Nicola Durvasula, Chitra Ganesh, Tejal Shah (Works)

Selected Works

Nicola Durvasula, Chitra Ganesh, Tejal Shah

January 26 – February 18, 2006

Nicola Durvasula, Chitra Ganesh, Tejal Shah Press Release

Thomas Erben is excited to present three artists whose work employs signifiers of Indian culture and mythology, both historic as well as popular, to challenge traditionally prescribed notions of femininity, sexuality, and form.

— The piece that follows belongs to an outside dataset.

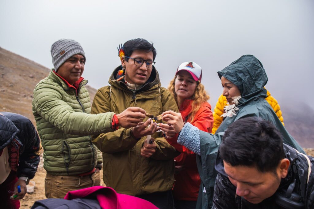 No alto da Mama Cayambe, huaca sagrada dos povos kichwa andinos, vivenciamos uma cerimônia ancestral, focada na importância das geleiras, dos páramos andinos e sua conexão com a Amazônia. Aqui também elevamos uma mensagem clamando pela conscientização de que esse ciclo está ameaçado pelo desmatamento e pelas mudanças climáticas. Saudando e recolhendo a energia e a força dos indígenas dos Andes, comunidades que se encontravam em resistência — povo Kayambi, Otavalo, Natabuela, Karanki —, iniciamos o percurso.

The media used are hybridized (mainly video, drawing, and collage) as are the cultural influences:

Nicola Durvasula was born 1960 in the U.K. and, after studies in France, taught for several years at the University of Hyderabad, India; of Indian ethnicity, Chitra Ganesh (b. 1975) was raised in Brooklyn, New York, and received an MFA from Columbia University; Tejal Shah (b. 1979) grew up in central India, eventually moving to Bombay in 1995. She completed her BA in photography in Australia and went on to the Art Institute of Chicago as a Visiting Scholar. Since 2001, she has been working and living in Bombay.

The delicate, figurative line drawings of Nicola Durvasula draw inspiration from recognizable, eclectic sources such as miniature painting, Kama Sutra illustrations, Western art history, and popular culture, both East and West. For Durvasula, exploring the potential of the medium and emphasizing the problems of structure and style is as important as the imagery itself.  Her work has been exhibited with important venues in India such as Gallery Chemould and Sakshi Gallery, both in Mumbai, and with public and private venues in Europe and the U.S. This coming March, her work will be included in Lila/Play: Contemporary Miniatures and New Art from South Asia in Victoria, Australia.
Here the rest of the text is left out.